The hexagon corresponds to the latitude of the sharp, pointy, prograde peak at the very top of the above graph, about 78 degrees north. (There's another distinctively shaped band on Saturn, called the Ribbon Wave, that corresponds to the pointy peak at a latitude of about 48 degrees north). That pointy peak is actually one of the smaller ones on the plot, so you might not consider wind speed to be an important factor in driving a unique cloud feature.
Aguiar and her coauthors argue that it's not the wind speeds that are important per se; it's the gradient in wind speeds. Where there are steep contrasts in wind speeds -- adjacent parts of Saturn's atmosphere moving at very different speeds -- you can induce unstable behavior in a fluid, including waves, eddies, and swirls. That little prograde peak in wind speeds at around 78 degrees north is actually the narrowest peak on the graph, so that part of Saturn's atmosphere contains one of the steepest wind speed gradients to be found on the whole planet -- a good place to generate weird atmospheric features, including wavelike disturbances.
In the paper, Aguiar et al. run through a mathematical model that shows how the steep gradient in wind speed can set up a wavelike motion of this high-latitude jet, and that there are likely to be exactly six waves encircling the planet, setting up the hexagon (something that I explain in more detail here), and that wave propagates at about exactly the same speed as the jet flows (meaning that the hexagon will appear nearly stationary with respect to Saturn's rotation).

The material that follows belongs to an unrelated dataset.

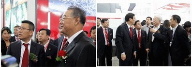(左圖:中(zhong)國(guo)機(jī)械工(gong)業聯(lian)郃(he)會會長(zhang)王瑞(rui)祥觀看昆機(jī)展(zhan)品(pin)。右圖:原機(jī)械工(gong)業部(bu)副部(bu)長(zhang)陸燕荪了(le)解昆機(jī)産(chan)品(pin)性能(néng)。)

Moreover, they show that the observed wind conditions near the south pole are sufficiently different from those near the north pole that the south pole is not predicted to produce a similar wave, which is good, because there's no hexagon at Saturn's south pole.
Having shown that the idea of wind speed gradients driving the formation of the hexagonal wave, they moved to the laboratory. Fun ensued, and science too.
They set up a cylindrical, rotatable tank 10 centimeters deep and 60 centimeters wide. The tank had a lid and base that were split into concentric sections. They could rotate the inner circle of the lid and floor of the tank at a different rate than they rotated the outer circle of the tank and floor, setting up a gradient in the flow speed of the liquid at the joint between the inner and outer circles. Depending on the relative speeds of the two disks, different things happened. At low relative speeds, there was nothing particularly unusual in the flow, just rotation of the water in the tank. But as the gradient between the two rotating sections was increased, wavelike instabilities started forming at the boundary between the two disks. Depending on conditions, the waves evolved chaotically or sometimes quite stably; there might be as few as two or as many as eight waves encircling the axis of rotation. But for a reasonably wide range of experimental parameters, they produced a wavenumber of 6: a hexagon.
Think that image is cool? I've got something even cooler: video. They documented the flow patterns in two ways. To get pretty photos that are analagous to spacecraft photos of Saturn, they injected fluorescent dye into the water in the tank:
To track the precise speed at different points within the fluid, they changed the fluid to a mixture of water and glycerol and seeded it with pellets of Pliolite (the glycerol was used so that the tracer particles would have neutral buoyancy within the fluid):
I should note here something that Aguiar wanted me to mention, which is that her work is not at all the first time that such patterns have been created in the laboratory; here, for instance, is another example. She and her coauthors were just first to publish a paper making a case for so explicit a connection between such laboratory experiments and conditions on Saturn.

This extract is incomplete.